**Required work:**
The listing below holds pictures; exclude them. Return exactly the lines from the one with "Operation site of" through the one with "You can search".

**Data excerpts:**

- - - - -

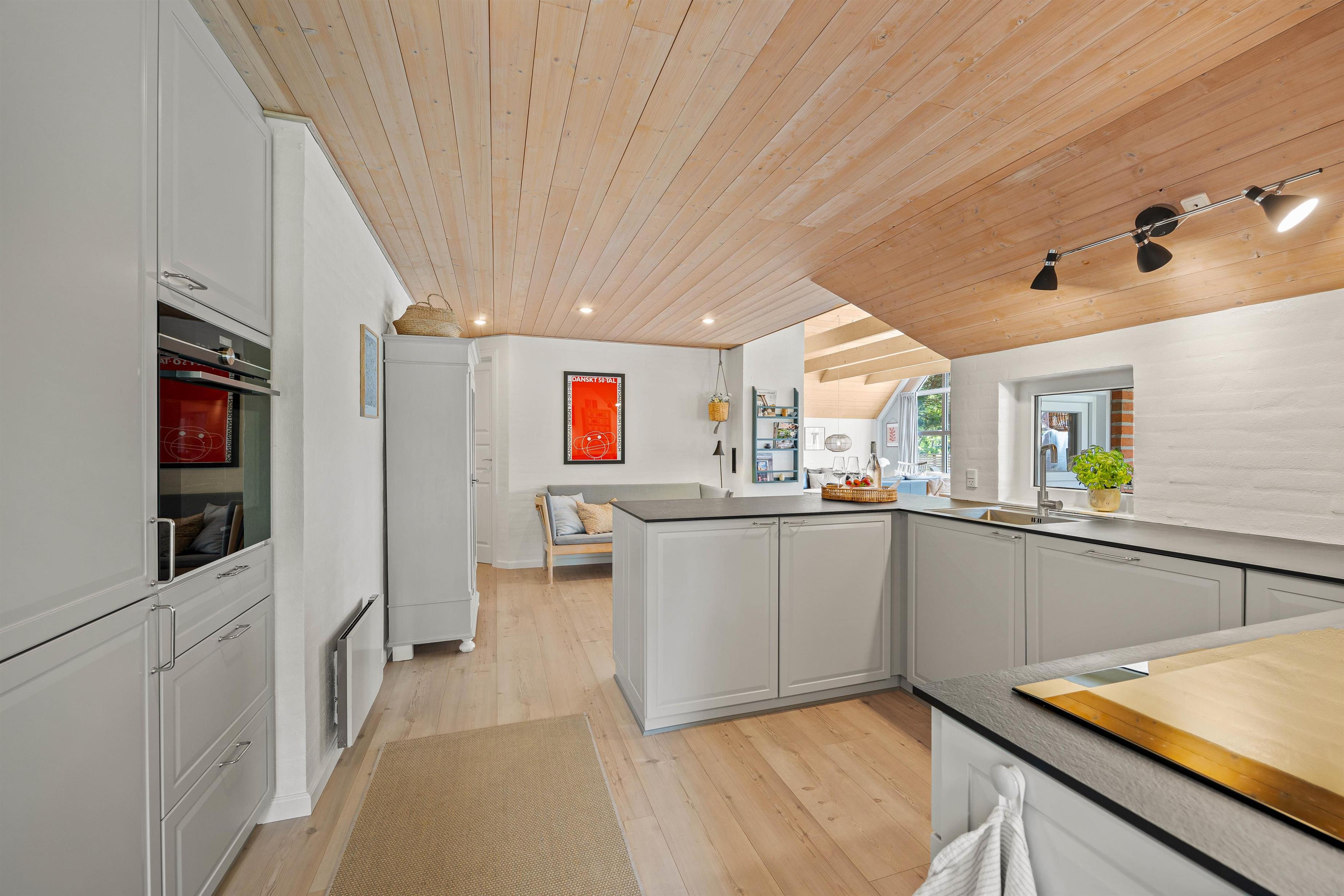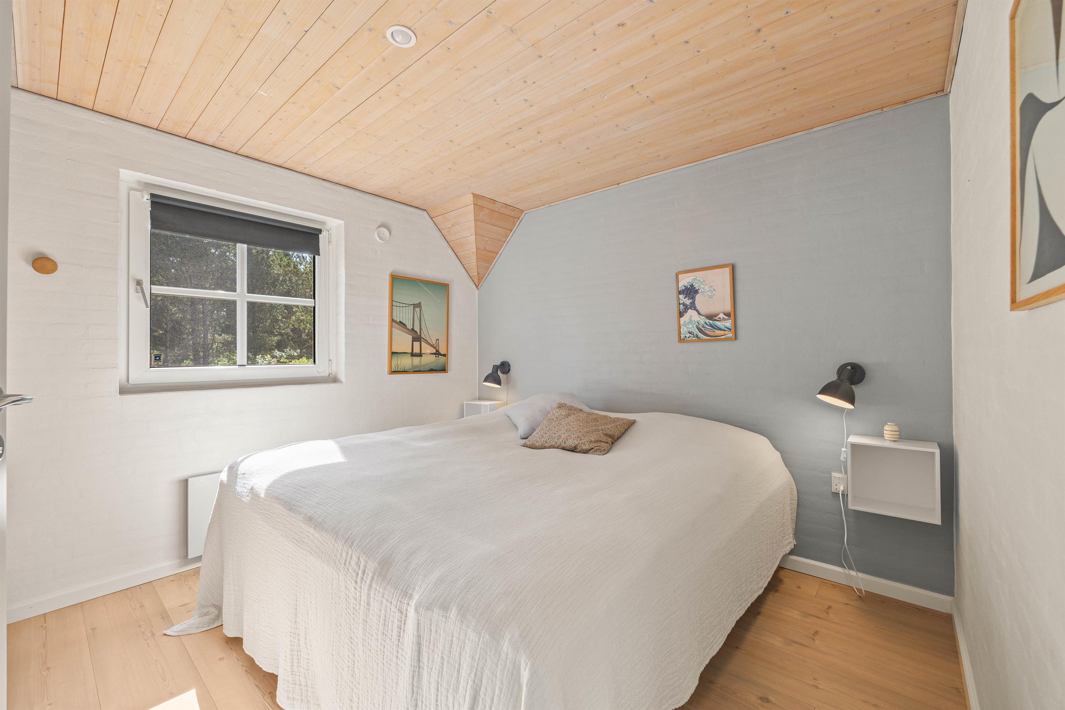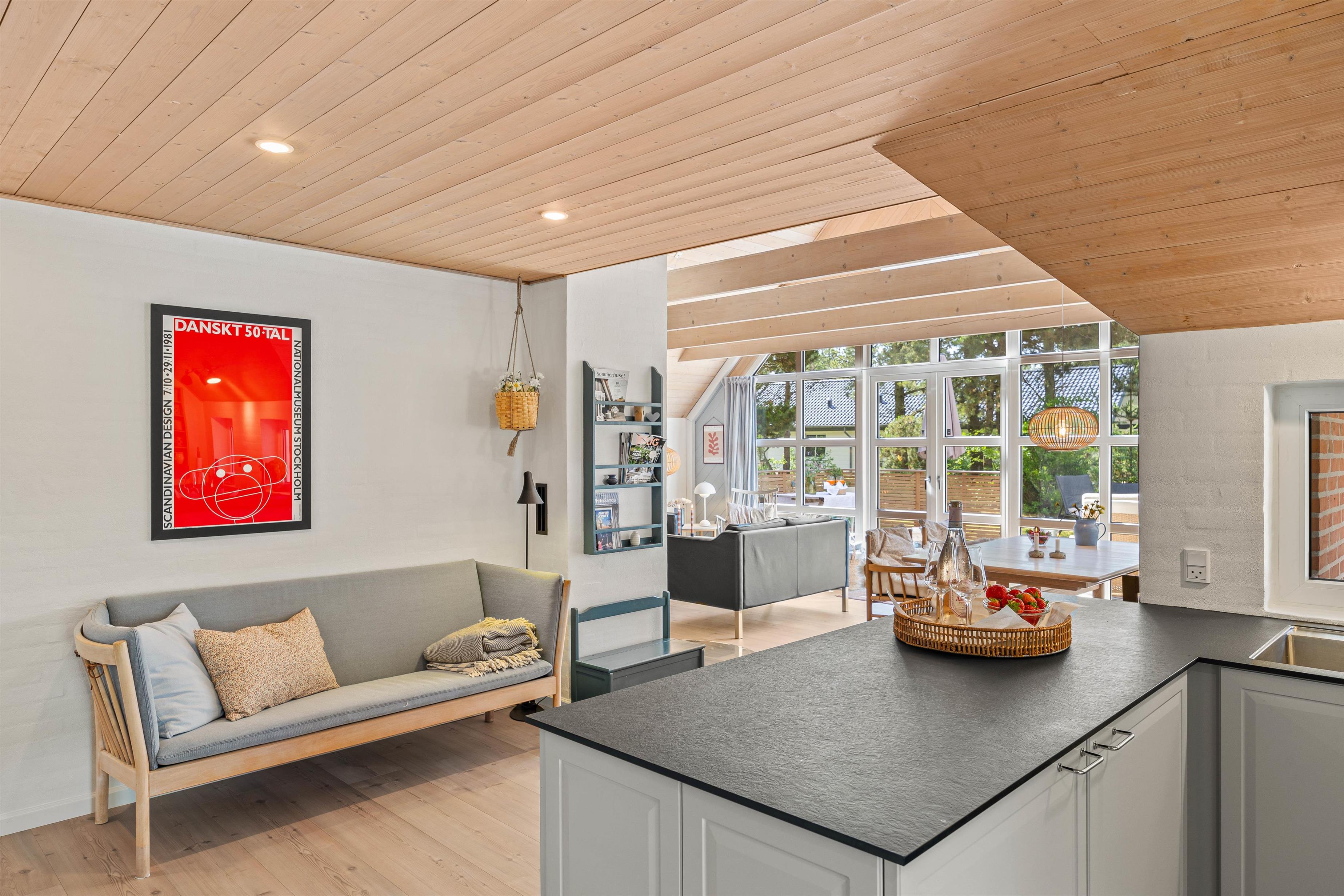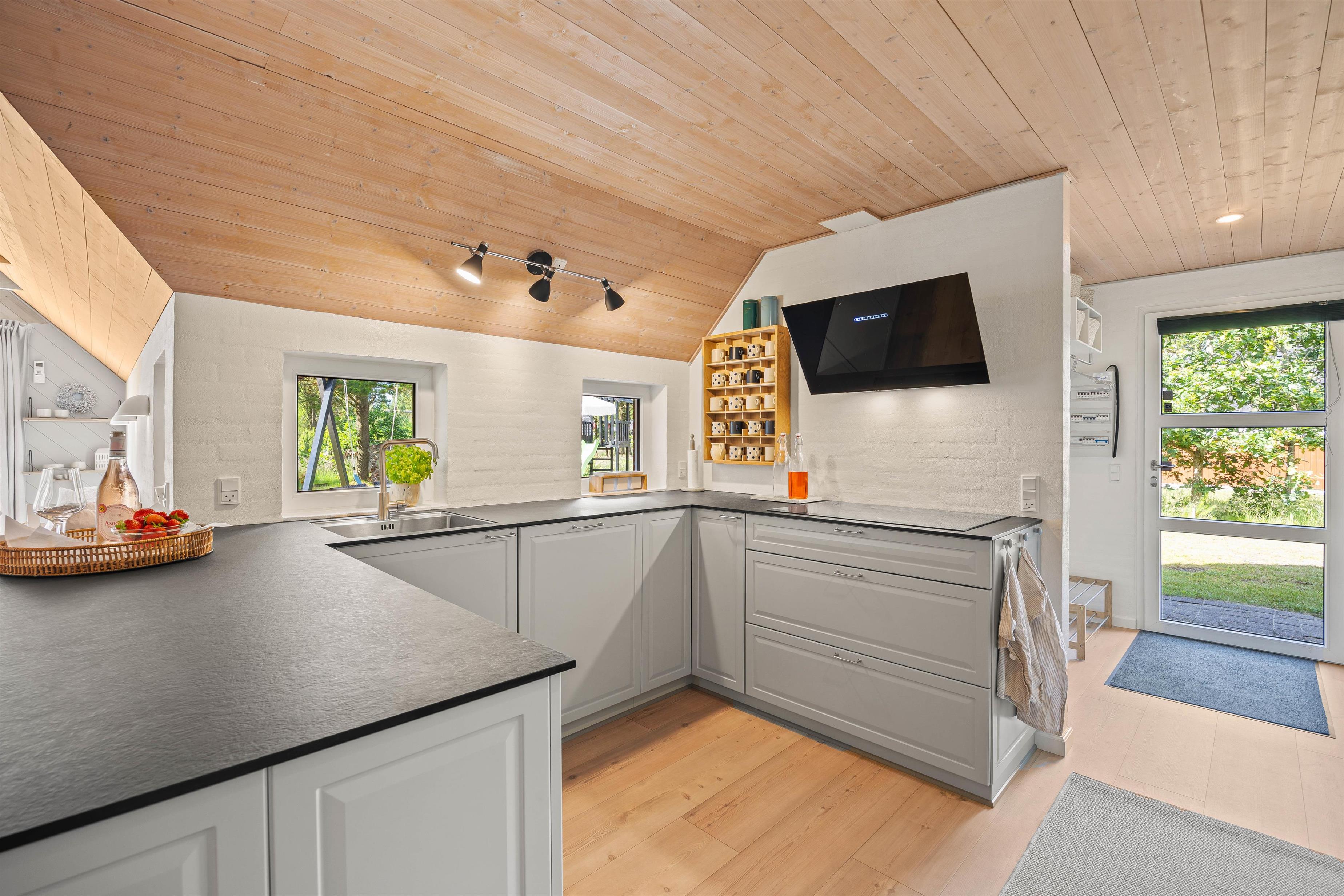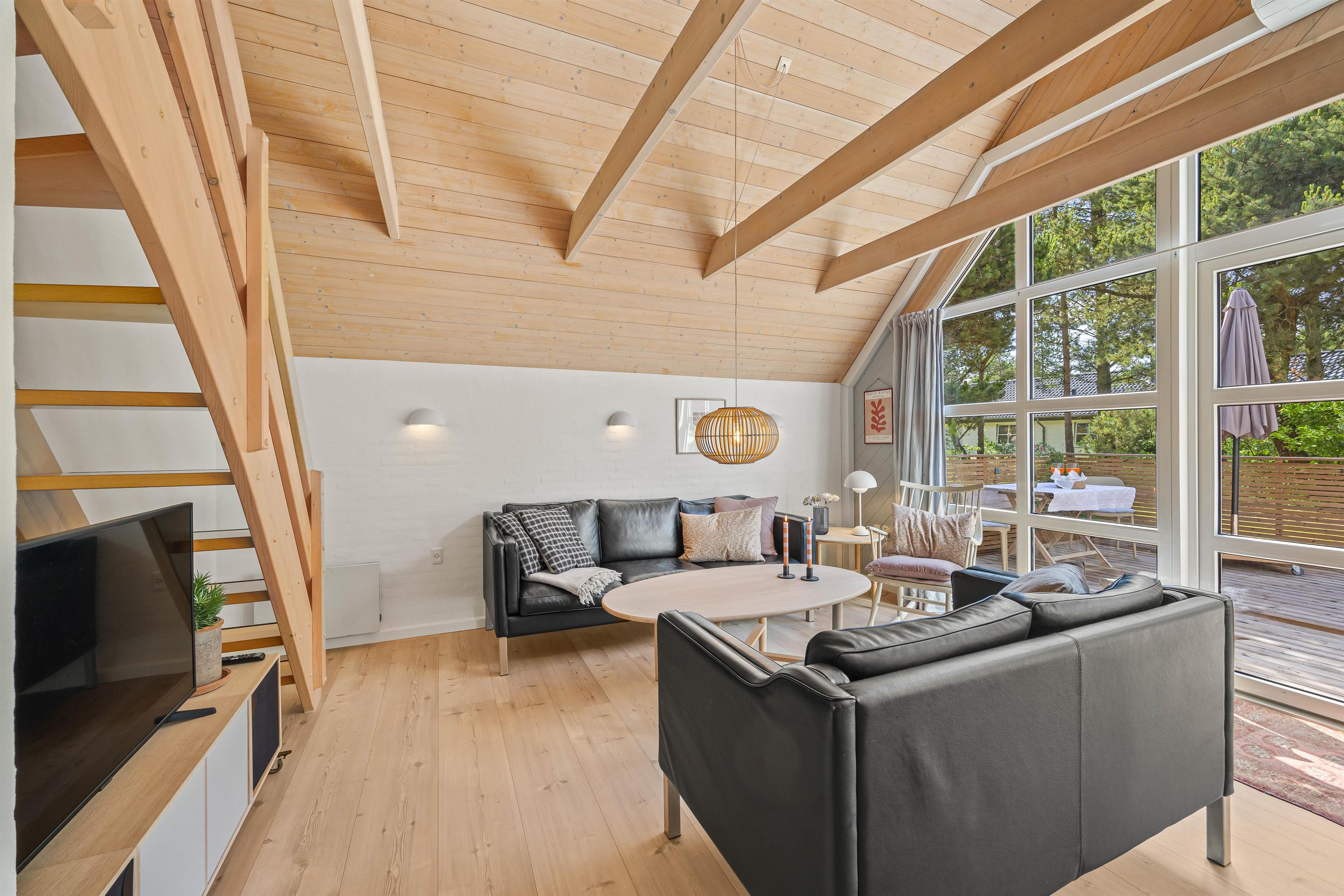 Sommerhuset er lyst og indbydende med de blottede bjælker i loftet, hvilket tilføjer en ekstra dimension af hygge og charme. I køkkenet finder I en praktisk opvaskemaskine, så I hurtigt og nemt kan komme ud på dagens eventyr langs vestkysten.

- - - - -

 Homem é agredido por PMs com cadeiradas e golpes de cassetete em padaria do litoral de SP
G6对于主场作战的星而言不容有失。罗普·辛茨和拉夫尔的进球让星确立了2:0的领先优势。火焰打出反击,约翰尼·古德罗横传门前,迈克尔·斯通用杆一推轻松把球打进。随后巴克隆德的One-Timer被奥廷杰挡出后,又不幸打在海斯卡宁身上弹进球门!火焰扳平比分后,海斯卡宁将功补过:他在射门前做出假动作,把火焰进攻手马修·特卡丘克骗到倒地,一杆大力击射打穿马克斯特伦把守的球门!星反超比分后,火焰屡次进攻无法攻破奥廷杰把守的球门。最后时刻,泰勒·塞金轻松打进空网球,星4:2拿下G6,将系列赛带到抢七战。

- - - - -

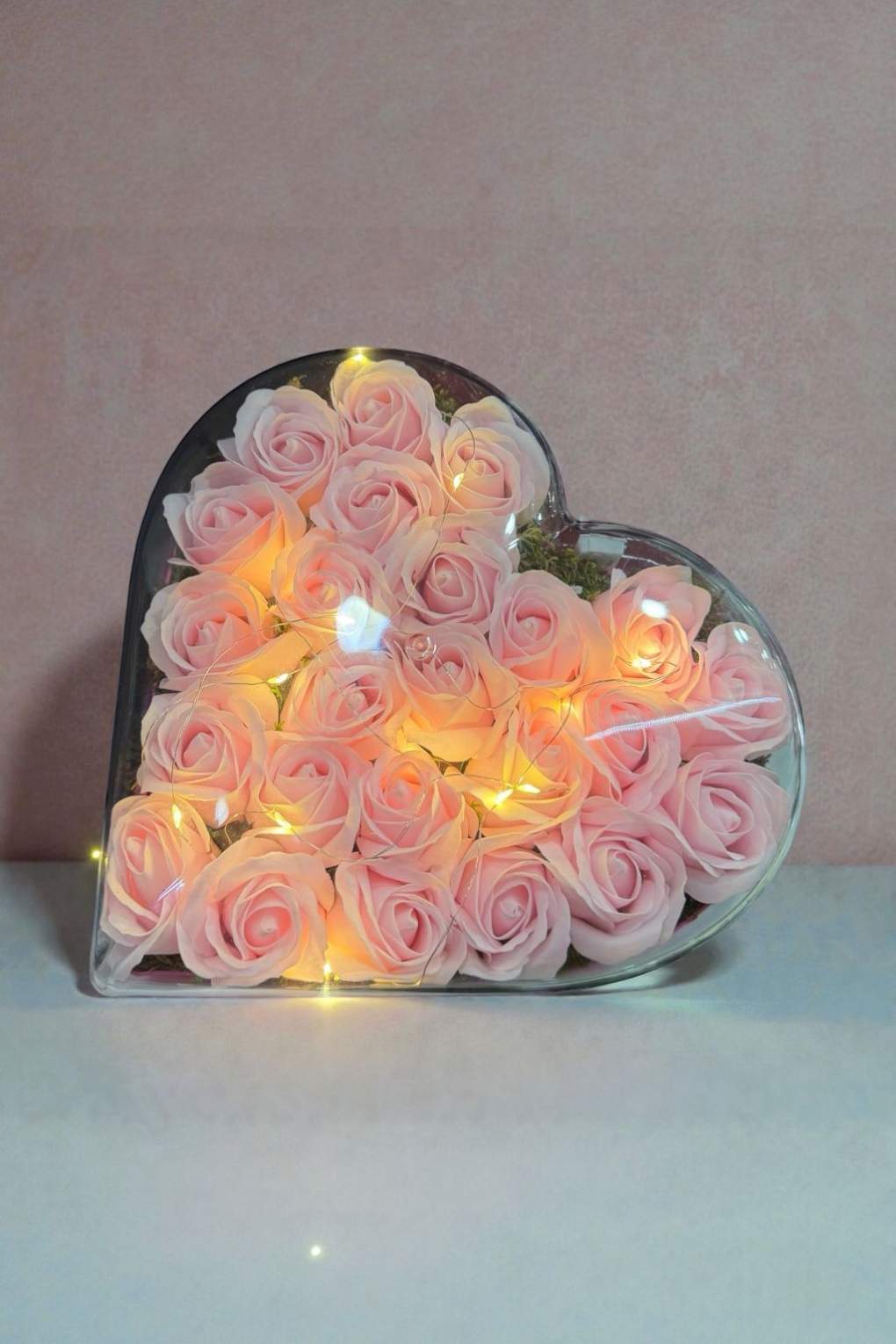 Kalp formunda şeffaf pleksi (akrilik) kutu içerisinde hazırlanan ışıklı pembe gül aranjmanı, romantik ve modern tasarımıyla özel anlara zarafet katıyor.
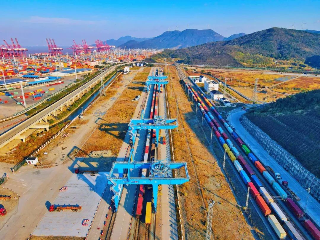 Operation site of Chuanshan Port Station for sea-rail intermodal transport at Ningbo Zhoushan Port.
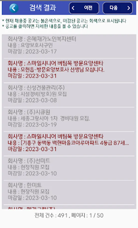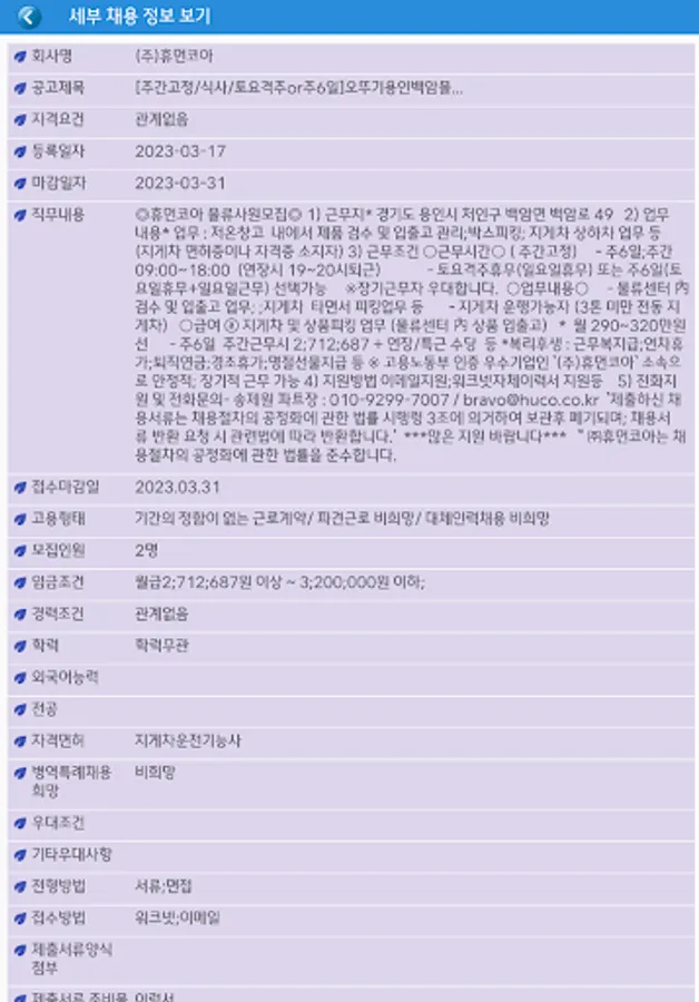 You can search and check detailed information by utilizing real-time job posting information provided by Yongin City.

- - - - -

**Output below:**
 Operation site of Chuanshan Port Station for sea-rail intermodal transport at Ningbo Zhoushan Port.
 You can search and check detailed information by utilizing real-time job posting information provided by Yongin City.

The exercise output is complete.